Dans ce projet qui suit l’itinéraire de la grande fugue de 1880/1882, je m’identife à Albert Dadas. Je suis son fantôme et il est le mien, je suis dans le cadre, à la fois son acteur et le mien. Grâce à des temps de pause longs, de 30 secondes à plusieurs minutes, je capte des moments où la durée s’inscrit sur les pixels du capteur. À travers des mises en scène, nous nous incarnons donc, lui et moi, dans un hors temps universel. Des autoportraits, mais pas au sens strict, ce n’est à la fois ni moi ni lui. Ce sont nos apparitions ou nos disparitions.

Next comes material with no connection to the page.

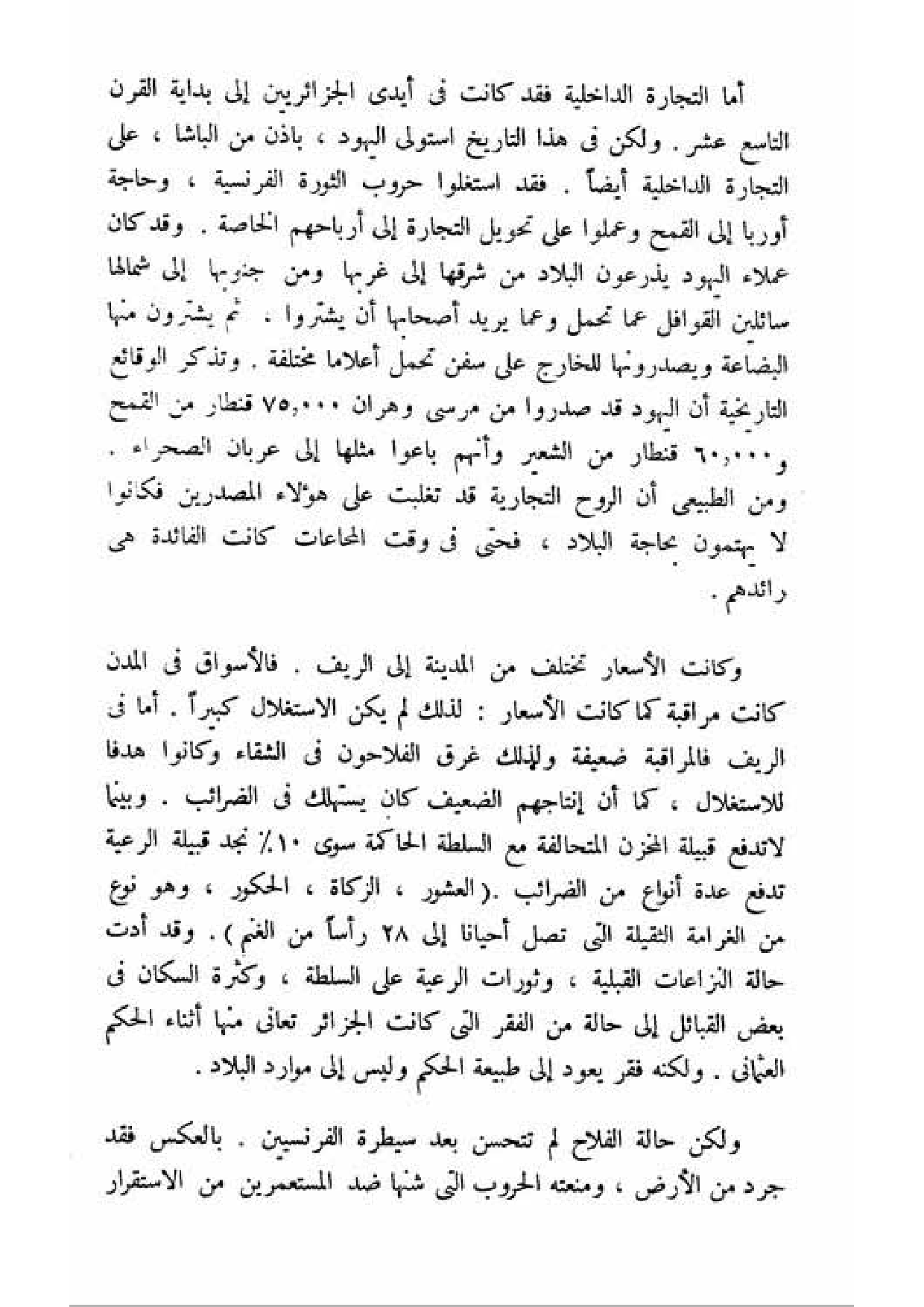 أما التجارة الداخلية فقد كانت في أيدي الجزائريين إلى بداية القرن التاسع عشر. ولكن في هذا التاريخ استولى اليهود، بإذن من الباشا، على التجارة الداخلية أيضا. فقد استغلوا حروب الثورة الفرنسية، وحاجة أوربا إلى القمح وعملوا على تحويل التجارة إلى أرباحهم الخاصة. وقد كان عملاء اليهود يذرعون البلاد من شرقها إلى غربها ومن جنوبها إلى شمالها سائلين القوافل عما تحمل وعما يريد أصحابها أن يشتروا، ثم يشترون منها البضاعة ويصدرونها للخارج على سفن تحمل أعلاما مختلفة. وتذكر الوقائع التاريخية أن اليهود قد صدروا من مرسى وهران 75،000 قنطار من القمح و 60،000 قنطار من الشعير وأنهم باعوا مثلها إلى عربان الصحراء.

France and Europe at the end of the XIXth century are obsessed by the issue of wandering, by undocumented people who roam from one city to another. Wandering impulsion becomes a medical disorder with a precise diagnosis. Albert Dadas (1860 – 1907) is one of the first persons suffering from sleep automatism, also called drapetomania. His doctor, Philippe Tissié, will diagnose his insanity in his thesis « the wandering insane ».
Albert Dadas, a modest gas worker in Bordeaux, will regularly run away for several days or several years, losing his documents as well as his identity, but never his urge to leave, to walk, to discover. Some will say that he is a pretender. I grew fond of this character, we have things in common : running away, a cranial trauma, defective memory, severe headaches, we weep easily, fits of melancholy, the taste for travelling and for wide open spaces, wandering at any cost, attraction to North East, a sense of clothing cleanliness, a specific link to Liège, the urge to go to a city whose name sounds pleasant to us, etc.

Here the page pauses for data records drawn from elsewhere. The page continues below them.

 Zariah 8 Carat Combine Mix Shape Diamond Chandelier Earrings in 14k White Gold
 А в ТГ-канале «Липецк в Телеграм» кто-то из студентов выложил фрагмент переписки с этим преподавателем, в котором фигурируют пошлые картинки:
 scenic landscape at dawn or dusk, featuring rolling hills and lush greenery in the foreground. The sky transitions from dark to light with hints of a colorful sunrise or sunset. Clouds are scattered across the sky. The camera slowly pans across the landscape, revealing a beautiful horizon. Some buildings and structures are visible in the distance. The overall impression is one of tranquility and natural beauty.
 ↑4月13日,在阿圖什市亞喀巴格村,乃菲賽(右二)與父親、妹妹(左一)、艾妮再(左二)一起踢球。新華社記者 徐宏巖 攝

Therefore I very soon felt the necessity to make a double project relating to his long running away of 1880 – 1882. This will take him from Valenciennes to Moscow via Liège, Cologne, Kassel, Linz, Vienna, Prague, Berlin, Warsaw, Minsk. In Moscow, he is suspected of being an anarchist and is sent to jail before being expelled from Russia with other prisoners. He then moves to Istanbul before making off to Vienna, Munich, Strasbourg and then arrives in Switzerland. Exhausted, he goes to Basle where he gives himself up to the French consulate. In Lille, he will be convinced to three years public works for desertion with effects and weapons. « I left because my comrades tormented me too much » did he declare during his questioning (how many times have I had this idea on Sunday evenings during my college years and then during my military service and still later when I had a regular job during eleven years, at times running away, inventing diseases for myself). I add to this that I like the idea of retracing the route of a modest man.

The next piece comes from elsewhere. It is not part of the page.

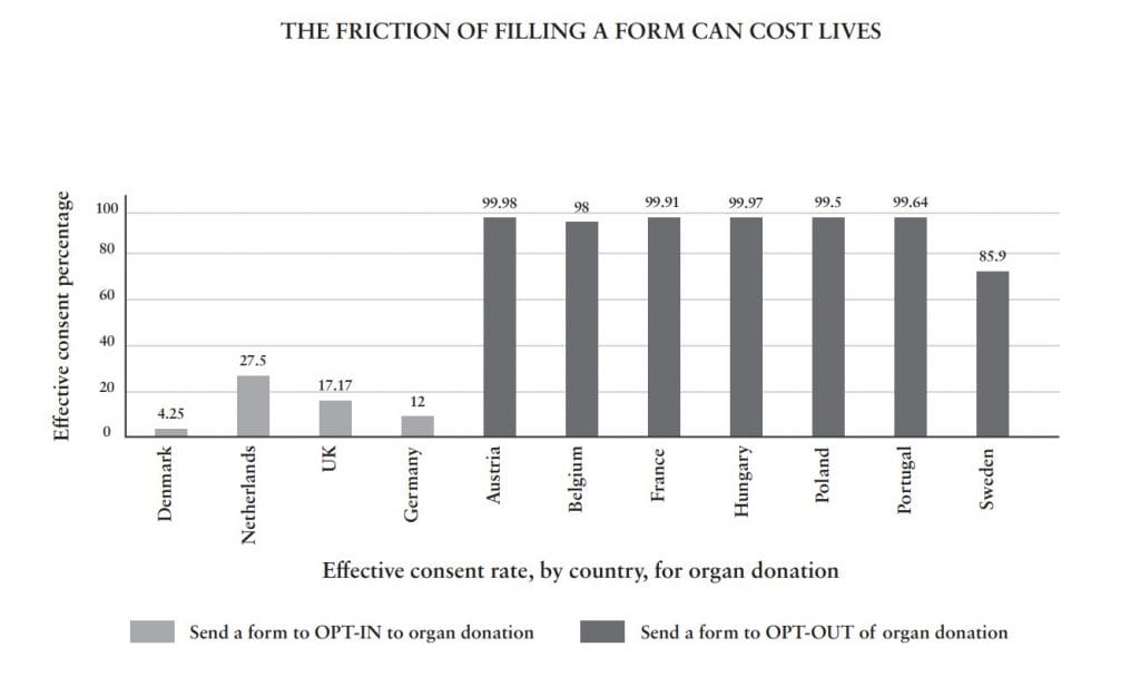 Out of the eleven countries shown on this graph, all of those with high donation rates had one simple design decision. They had made organ donation the default and asked people to send a form to opt out. The countries with low organ donation rates asked people to opt in for it. Asking people to send in a form was friction enough to stop people from donating. Just making a simple change to the process could change donation rates. Or as Johnson and Goldstein put it, changing the default can save lives.

In this project which follows the itinerary of the long run away of 1880 – 1882, I identify with Albert Dadas. I am his ghost and he is mine, I am within the frame, at the same time his actor and my own. Thanks to long break times, of 30 seconds to several minutes, I capture moments where duration is registered on the captor’s pixels. Through stage settings, we are embodied, he and I, in a universal « out of time ». Self portraits, but not in the strict sense of the word, it is neither me nor him. They are our appareances or our disappearances.